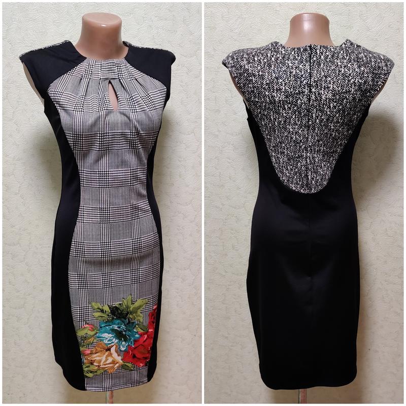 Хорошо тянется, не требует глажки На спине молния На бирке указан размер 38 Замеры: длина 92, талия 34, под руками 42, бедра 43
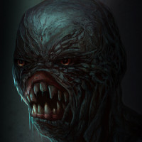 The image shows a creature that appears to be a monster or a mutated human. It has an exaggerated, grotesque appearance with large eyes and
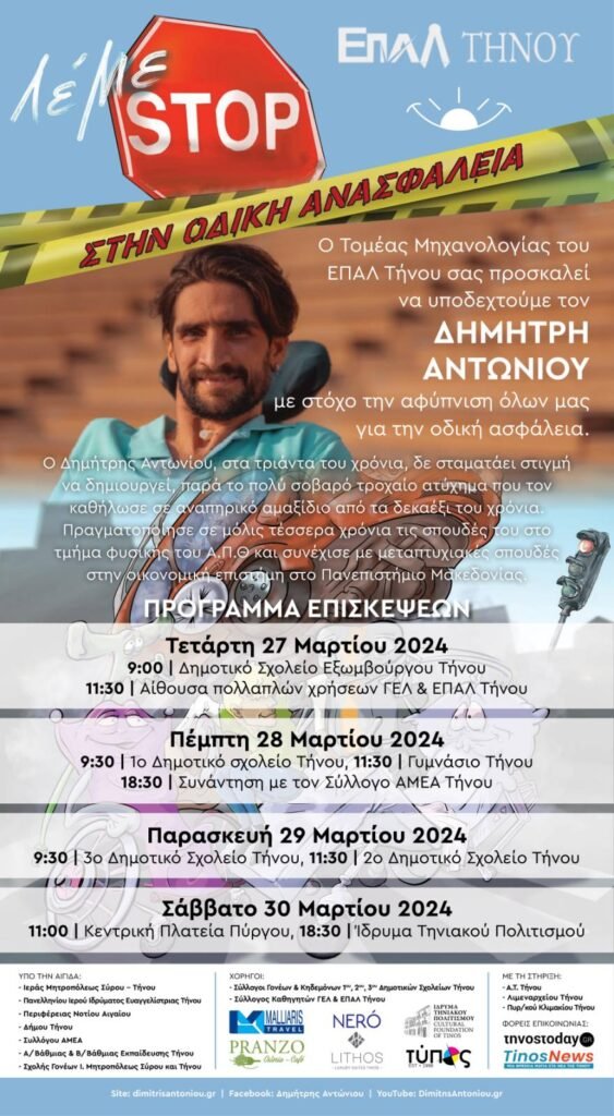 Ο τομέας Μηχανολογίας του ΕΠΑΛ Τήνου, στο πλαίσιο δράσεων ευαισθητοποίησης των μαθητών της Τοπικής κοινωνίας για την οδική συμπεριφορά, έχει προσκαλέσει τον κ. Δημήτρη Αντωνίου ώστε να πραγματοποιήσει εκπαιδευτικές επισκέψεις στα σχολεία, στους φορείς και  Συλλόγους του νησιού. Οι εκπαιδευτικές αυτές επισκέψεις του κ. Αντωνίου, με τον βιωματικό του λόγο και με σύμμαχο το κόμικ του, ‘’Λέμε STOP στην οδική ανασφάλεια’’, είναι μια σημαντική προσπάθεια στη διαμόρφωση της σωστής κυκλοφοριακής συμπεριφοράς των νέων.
::::
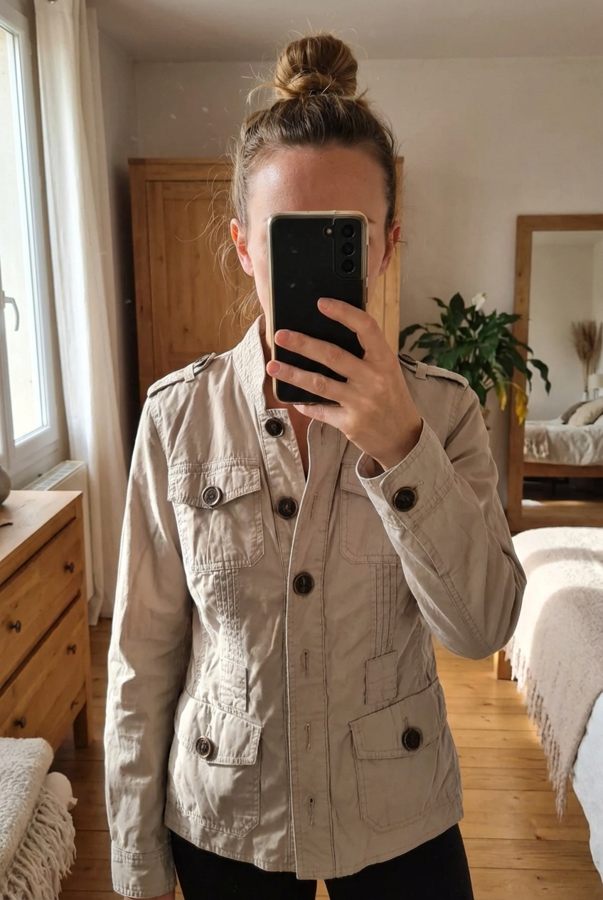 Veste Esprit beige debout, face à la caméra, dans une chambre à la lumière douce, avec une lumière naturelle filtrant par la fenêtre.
::::
## [About this task]
Reproduce exactly the lines above that run from the one with "The image shows" to the one with "Ο τομέας Μηχανολογίας του", both included, leaving pictures out.

## [Solution for this problem]
 The image shows a creature that appears to be a monster or a mutated human. It has an exaggerated, grotesque appearance with large eyes and
 Ο τομέας Μηχανολογίας του ΕΠΑΛ Τήνου, στο πλαίσιο δράσεων ευαισθητοποίησης των μαθητών της Τοπικής κοινωνίας για την οδική συμπεριφορά, έχει προσκαλέσει τον κ. Δημήτρη Αντωνίου ώστε να πραγματοποιήσει εκπαιδευτικές επισκέψεις στα σχολεία, στους φορείς και  Συλλόγους του νησιού. Οι εκπαιδευτικές αυτές επισκέψεις του κ. Αντωνίου, με τον βιωματικό του λόγο και με σύμμαχο το κόμικ του, ‘’Λέμε STOP στην οδική ανασφάλεια’’, είναι μια σημαντική προσπάθεια στη διαμόρφωση της σωστής κυκλοφοριακής συμπεριφοράς των νέων.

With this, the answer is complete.